O tema fiscal nem sempre é de domínio de todo empreendedor. Muitos não sabem quais tributos precisam ser pagos mensalmente, e tremem só de pensar em quão burocrático isso pode ser. Mas se você tem a ajuda de um bom contador, não precisa se preocupar. Apenas atente-se ao que é necessário conhecer para saber ao menos requerer a tomada de uma decisão. Todo o resto fica por conta da contabilidade. Comecemos então pelo básico, mas necessário: o Simples Nacional.

Saiba o que é Simples Nacional

Criado para simplificar a vida do empreendedor, é um regime tributário diferenciado, que, resumidamente, facilita o recolhimento de impostos — que são baseados somente no levantamento da receita bruta mensal ao longo de um ano.

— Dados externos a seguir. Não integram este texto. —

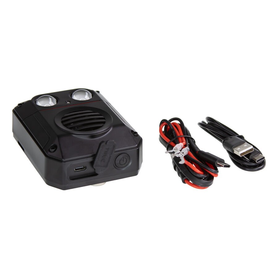 • balení obsahuje: 1x plašičku, 2x napájecí kabel (USB / USB-C, USB-C / svorky k autobaterii, 4x stahovací pásky, návod

Podem optar pelo Simples Nacional as microempresas com receita bruta de até 360 mil reais ao ano e as empresas de pequeno porte que possuam a mesma receita de até 3,6 milhões de reais. Por meio dele o empreendedor consegue pagar diversos tributos de maneira unificada — Contribuição para o PIS/PASEP, Imposto de Renda da Pessoa Jurídica (IRPJ), Imposto sobre os Produtos Industrializados (IPI), Imposto Sobre Serviços de Qualquer Natureza (ISS), entre outros.

Para saber se esse regime é o mais adequado para sua empresa, você pode fazer uma simulação. Com isso, você perceberá qual a melhor opção para sua organização e verá claramente os impactos positivos advindos da adesão a um sistema tributário adequado.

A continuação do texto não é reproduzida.